→ What is required: Repeat exactly, and only, the lines from the one containing "Москва. 25 октября." through the last line of the data below.

Segment Start: Working data

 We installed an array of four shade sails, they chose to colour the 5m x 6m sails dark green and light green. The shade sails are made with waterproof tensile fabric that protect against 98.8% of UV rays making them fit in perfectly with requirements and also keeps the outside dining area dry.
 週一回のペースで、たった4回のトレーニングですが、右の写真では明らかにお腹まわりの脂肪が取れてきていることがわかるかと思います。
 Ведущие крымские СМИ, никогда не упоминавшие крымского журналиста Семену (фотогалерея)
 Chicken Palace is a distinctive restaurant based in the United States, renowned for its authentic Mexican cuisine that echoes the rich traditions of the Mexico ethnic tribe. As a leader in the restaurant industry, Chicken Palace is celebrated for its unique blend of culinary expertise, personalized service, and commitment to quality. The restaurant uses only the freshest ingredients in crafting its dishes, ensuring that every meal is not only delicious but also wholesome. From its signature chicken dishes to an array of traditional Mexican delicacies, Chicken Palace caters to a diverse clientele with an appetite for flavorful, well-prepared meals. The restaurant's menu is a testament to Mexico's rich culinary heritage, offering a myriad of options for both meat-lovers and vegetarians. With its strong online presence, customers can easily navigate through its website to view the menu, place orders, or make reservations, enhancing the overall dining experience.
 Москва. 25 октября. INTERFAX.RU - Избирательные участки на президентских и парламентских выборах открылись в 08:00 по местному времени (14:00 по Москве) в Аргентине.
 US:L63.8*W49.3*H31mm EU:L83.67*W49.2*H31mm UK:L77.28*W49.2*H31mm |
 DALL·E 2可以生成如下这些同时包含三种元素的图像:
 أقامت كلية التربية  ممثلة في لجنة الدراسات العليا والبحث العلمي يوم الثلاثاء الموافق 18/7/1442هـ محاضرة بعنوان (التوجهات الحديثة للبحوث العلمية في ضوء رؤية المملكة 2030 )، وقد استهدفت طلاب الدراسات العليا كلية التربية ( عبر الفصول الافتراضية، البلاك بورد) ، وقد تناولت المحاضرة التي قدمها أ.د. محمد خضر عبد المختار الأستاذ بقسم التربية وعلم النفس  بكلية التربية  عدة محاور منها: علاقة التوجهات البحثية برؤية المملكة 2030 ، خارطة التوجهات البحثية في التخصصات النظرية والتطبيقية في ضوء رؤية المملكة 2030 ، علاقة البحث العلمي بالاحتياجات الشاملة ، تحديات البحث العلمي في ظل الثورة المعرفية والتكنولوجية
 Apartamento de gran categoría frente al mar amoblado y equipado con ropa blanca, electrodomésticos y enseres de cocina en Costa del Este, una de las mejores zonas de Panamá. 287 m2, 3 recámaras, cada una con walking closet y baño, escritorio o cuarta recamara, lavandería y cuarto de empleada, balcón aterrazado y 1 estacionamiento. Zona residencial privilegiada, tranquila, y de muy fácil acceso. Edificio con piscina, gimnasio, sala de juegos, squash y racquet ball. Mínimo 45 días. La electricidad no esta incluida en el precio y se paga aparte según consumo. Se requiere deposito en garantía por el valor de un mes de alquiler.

Segment End: Working data

→ Written response:
 Москва. 25 октября. INTERFAX.RU - Избирательные участки на президентских и парламентских выборах открылись в 08:00 по местному времени (14:00 по Москве) в Аргентине.
 US:L63.8*W49.3*H31mm EU:L83.67*W49.2*H31mm UK:L77.28*W49.2*H31mm |
 DALL·E 2可以生成如下这些同时包含三种元素的图像:
 أقامت كلية التربية  ممثلة في لجنة الدراسات العليا والبحث العلمي يوم الثلاثاء الموافق 18/7/1442هـ محاضرة بعنوان (التوجهات الحديثة للبحوث العلمية في ضوء رؤية المملكة 2030 )، وقد استهدفت طلاب الدراسات العليا كلية التربية ( عبر الفصول الافتراضية، البلاك بورد) ، وقد تناولت المحاضرة التي قدمها أ.د. محمد خضر عبد المختار الأستاذ بقسم التربية وعلم النفس  بكلية التربية  عدة محاور منها: علاقة التوجهات البحثية برؤية المملكة 2030 ، خارطة التوجهات البحثية في التخصصات النظرية والتطبيقية في ضوء رؤية المملكة 2030 ، علاقة البحث العلمي بالاحتياجات الشاملة ، تحديات البحث العلمي في ظل الثورة المعرفية والتكنولوجية
 Apartamento de gran categoría frente al mar amoblado y equipado con ropa blanca, electrodomésticos y enseres de cocina en Costa del Este, una de las mejores zonas de Panamá. 287 m2, 3 recámaras, cada una con walking closet y baño, escritorio o cuarta recamara, lavandería y cuarto de empleada, balcón aterrazado y 1 estacionamiento. Zona residencial privilegiada, tranquila, y de muy fácil acceso. Edificio con piscina, gimnasio, sala de juegos, squash y racquet ball. Mínimo 45 días. La electricidad no esta incluida en el precio y se paga aparte según consumo. Se requiere deposito en garantía por el valor de un mes de alquiler.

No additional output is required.